城の西方面を歩く。森忠政が美濃から伴ってきた職人の住む町だった美濃町!鍛冶のいた鍛冶町!武家屋敷のあった田町!小姓のいた小性町
美濃町界隈
早朝の静けさ。
  ケンコウ牛乳
地元業者?!イラストはキンタロウ
さんかな?

 吉井川の河川敷に降りて、川沿いに津山城方面に戻る。早朝だけど、早歩きで散歩する人が結構いた。

今津屋橋の下の津山城アート


 津山城の南を流れる吉井川と東を流れる宮川の合流点にたどり着く。
これもまた博物館で教わったけど、ここは追い回し河原といって、昔はもっと広い敷地で、馬場だったらしい。

追い回し河原
馬場跡。

 この空間をできるだけわかり易く撮影しようと川と川の合流地点の端ギリギリまで下がっていると、シャカシャカという音が近づいてくる。デジカメから顔を離すと、上下にウインドブレーカーを着たおばちゃんが機械的な動きでまっすぐ私に向かってくる。止まってくれる様子がないので思わず逃げた。おばちゃんは先ほどまで私がいた場所にトンと足を踏み込んでクルッとUターンして、またシャカシャカとまっすぐに去って行った。津山には不思議がいっぱい!(・・;)
 「この河川敷から宮川のほうにも歩いていけるのかなぁ…。」と、宮川方面に降りてゆくと、ギリギリ人が一人通れそうな暗がりからいきなり別のウインドブレーカーおばちゃんが出現!!めちゃめちゃ驚いた。
私はどうやら朝の散歩人たちの邪魔になるので退散!
津山城方面に戻ろう。河川敷を登って宮川にかかる橋を渡っていくと、東大番所跡があった。

東大番所跡 
出雲街道の東西二ケ所の入口ににおかれた番
所の東のほう。番兵が常駐していた。

 いったんホテルに戻って靴を脱ぐと、足から血が出てストッキングが赤く染まっている。床にも血痕。
「ナンジャコラァアアアア!!!」Σ(゜□゜;
足が冷たくてどこから出血しているかも感覚が無く、「ま、いっか。」と足を洗って再び外出。
 

 また津山城跡に登った。発掘なさってる方に最新情報を含む色々なお話を伺うことができた。

切手門跡
 この石段の下には初期の頃のスロープ
状の石段が埋まっている模様。
多門櫓の雨落溝
このU字の溝石は加工のしやすい豊島(てしま)
石でサイズも岡山城と同じ規格とのこと。
既製品を購入したということか…。
長櫓石垣の端の下方
ちょうど発掘中で、土の中の石垣の様子も判っ
た。土に隠れていた石垣部分はラインをきれい
にする仕事をしていなかったらしく荒い。
  隠し部屋?!
外から梯子をかけて出入りした隠し部屋チック
な場所。(三角形部分)

 お昼にはハナちゃんとしまちゃんとお昼ごはん。ハナちゃんを見つけて駆け寄ったら、足がブリブリッと音を立てた。Σ(゜□゜;ス、ストッキングの足先に穴があいた!!!
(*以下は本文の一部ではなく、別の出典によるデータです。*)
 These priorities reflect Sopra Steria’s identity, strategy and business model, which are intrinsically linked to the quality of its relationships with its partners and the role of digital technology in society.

 お店に着くとハナちゃんとしまちゃんがお土産をくれた。ただでさえお世話になる一方なのに…(;_;)。いただいたのは、市販のカレー粉一生分と、ホルモンうどんに使うとよい焼き肉のタレと、二代目の森長継の造った衆楽園にちなむ和菓子「衆楽雅藻」。
 この後は人前で靴をぬぐ予定があるのでストッキングに穴が開いていては(しかも、また血痕つき)一大事と一足先に食事を終えてホテルに走って足に絆創膏を貼り、ストッキングを履き替えた。
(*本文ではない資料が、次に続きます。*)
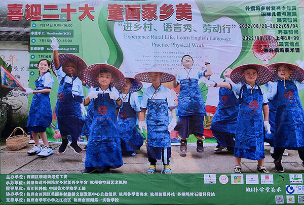 记者和前来参加活动的浙江外国语学院乔桂强老师的攀谈中得知,由转塘街道党工委主办的“外桐坞乡村复兴少年宫”国际儿童公益书画展,是杭州近年来难得的一场享受艺术与大自然的豪华文化盛宴。用儿童的眼光和画笔赞颂祖国的改革开放,乡村振兴、和谐共富的家乡美景,用这种特殊的方式喜迎二十大的召开,举办方高明至极,活动开展的别开生面,意义非凡。

 ハナちゃんしまちゃんと別れて、私は古文書を読ませていただくために人様のお宅にお邪魔する。玄関で恐る恐る靴を脱ぐと、足の出血問題無し!ストッキング問題無し!よかった!!
 JR津山駅の出発時間ギリギリまでもお邪魔して森家の話で盛り上がり、車で駅まで送っていただく。
 一人に戻って急に寂しい気持ちに襲われつつ、いざキャリーバッグを抱えあげて岡山行きの4番ホームまで行こうとすると、自分への土産(お酒とか森家資料とかカレー粉とか)で、ありえないほど異様にキャリーバッグが重くなっているのにビックリ!!!そもそもキャリーバッグそのものが荷物でパンパンになって丸く変形してんじゃないカッ!!!
Σ(゜□゜;
フンガー!!!と荷物を抱えて、階段を上り下り。すでにホームに停車していた列車に乗り込む。

 ああ、今回も朝から夜まで本当に楽しいことこの上ない旅だった。素敵な出会いもいっぱいあったし、すべては私の一生の宝。
津山のみなさま、どうもお世話になりました。繭さんもありがとう。